To which range should the meter be switched?

A)  12 V A.C.
B)  12 V D.C.
C)  20 V A.C.
D)  20 V D.C.

And now for the answer to our July 22, 2020 TechNet Puzzle

(It is in “Invisotext” and will be visible if you highlight the area below!)

You can use simple logic to help you with this question – the point of a full-wave bridge rectifier is to turn alternating current (AC) into direct current (DC), so answers “A” and “C” are wrong to begin with.

Now we are left with either 12 volts DC or 20 volts DC as the possible answer…

You would think that the schematic itself indicates that the transformer is designed to step down a 240 volt power source down to 12 volts, so 12 volts should be the answer, right?

Well, that’s where the tricky part comes in. You see, those voltages, 240 and 12, are Root Mean Square (RMS) averages of the voltage supplied. What you are really interested in is finding out the Peak To Peak voltage.

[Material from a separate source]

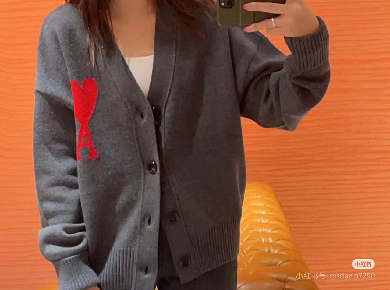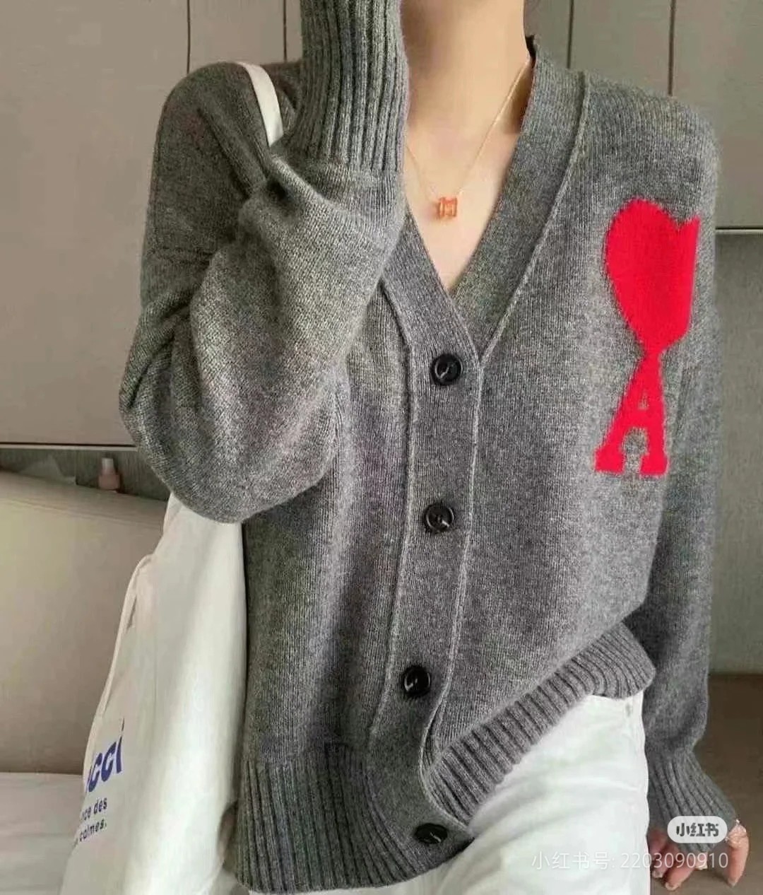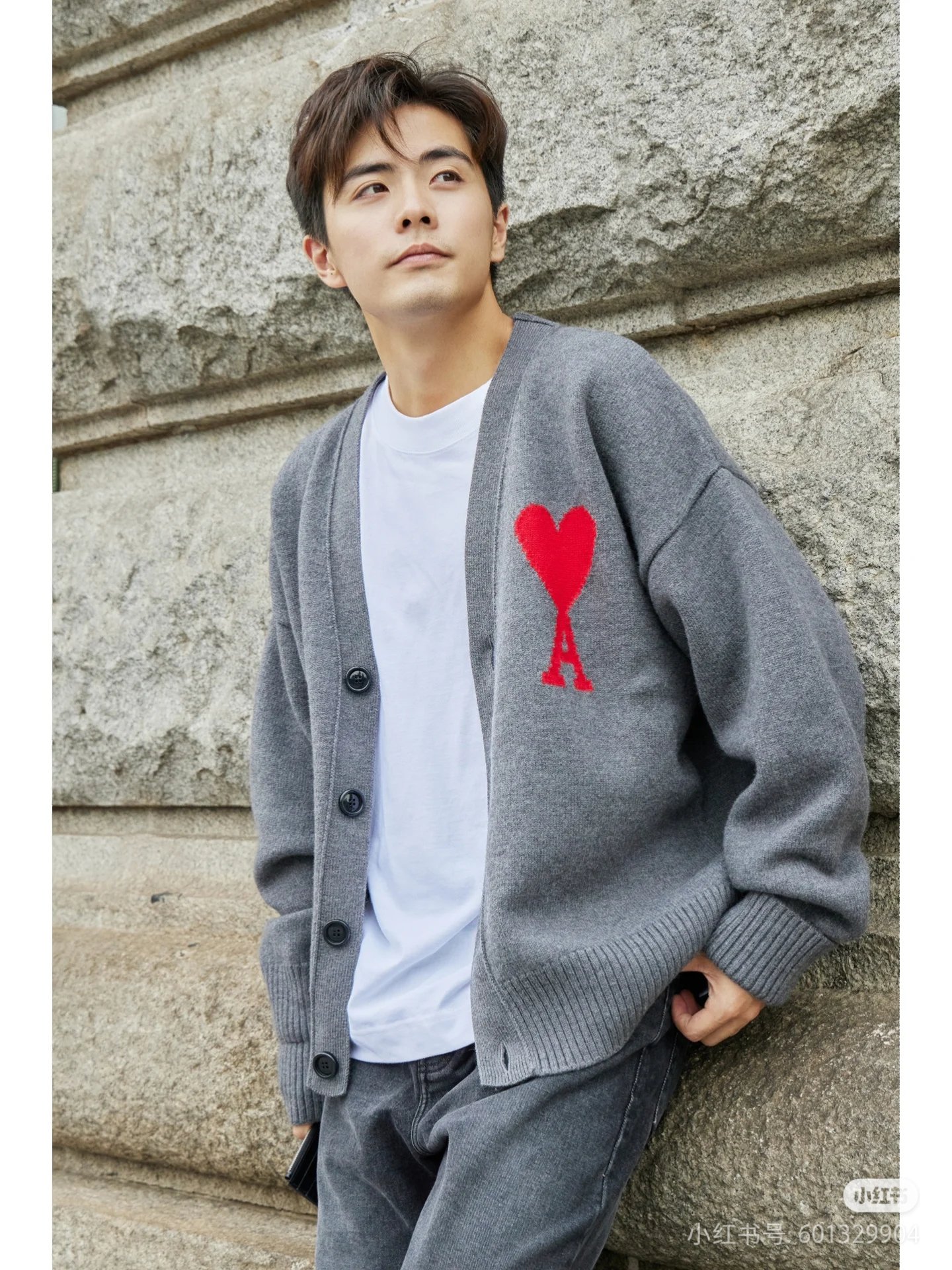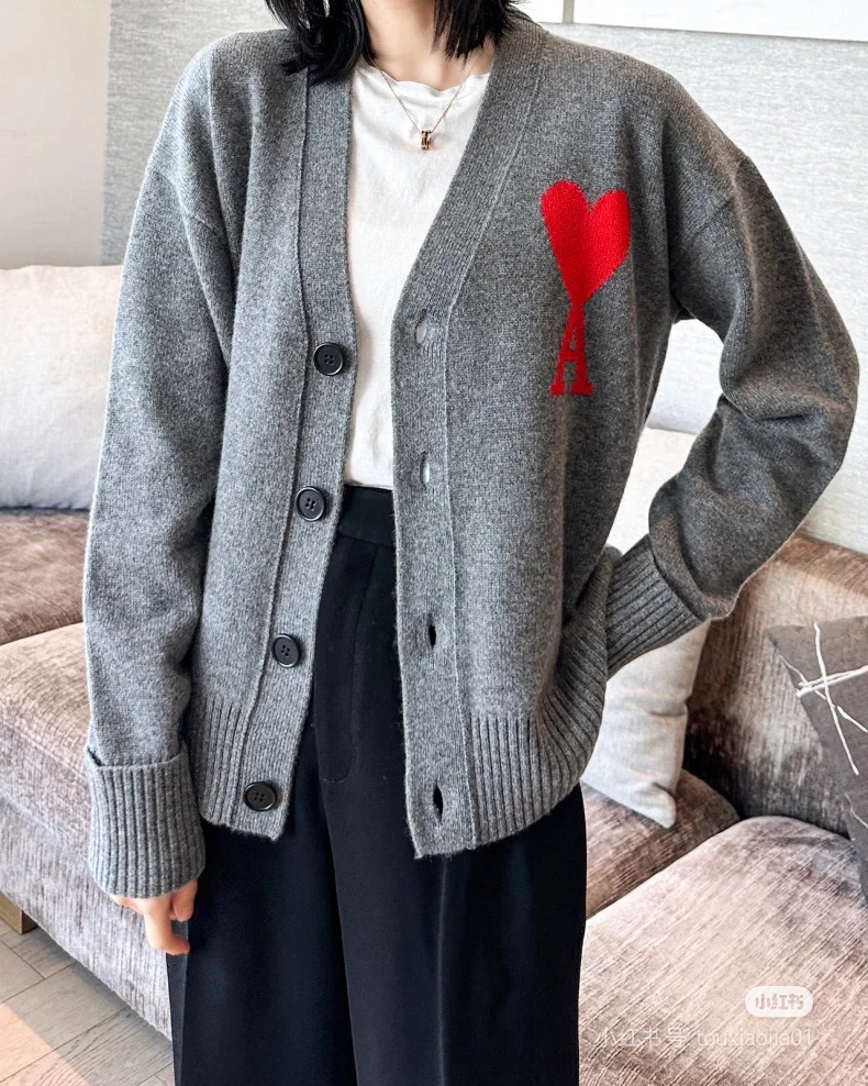 AMI Classic Cardigan with Ami de Coeur Patch - Stylish and Comfortable

I’ll spare you the math. It comes to:

VRMS = VPeak/sqrt(2)

So, the peak voltage for an RMS of 12 is 12 x 1.414 = about 16.8 volts!

If your smoothing capacitors were perfect, you might get away with a 12 volt setting, but just to be on the safe side, setting your meter to full deflection at 20 volts is the preferable setting.

# The KCRC TechNet Puzzle for July 8, 2020

To decrease the sensitivity of a receiver, which of its controls should be switched in?

A)  Notch filter.
B)  AGC
C)  Attenuator.
D)  Clarifier.

And now for the answer to our July 8, 2020 TechNet Puzzle

(It is in “Invisotext” and will be visible if you highlight the area below!)

A Notch Filter attenuates signals in a specific frequency range, but they do not affect the sensitivity of a receiver, so answer “A” is wrong.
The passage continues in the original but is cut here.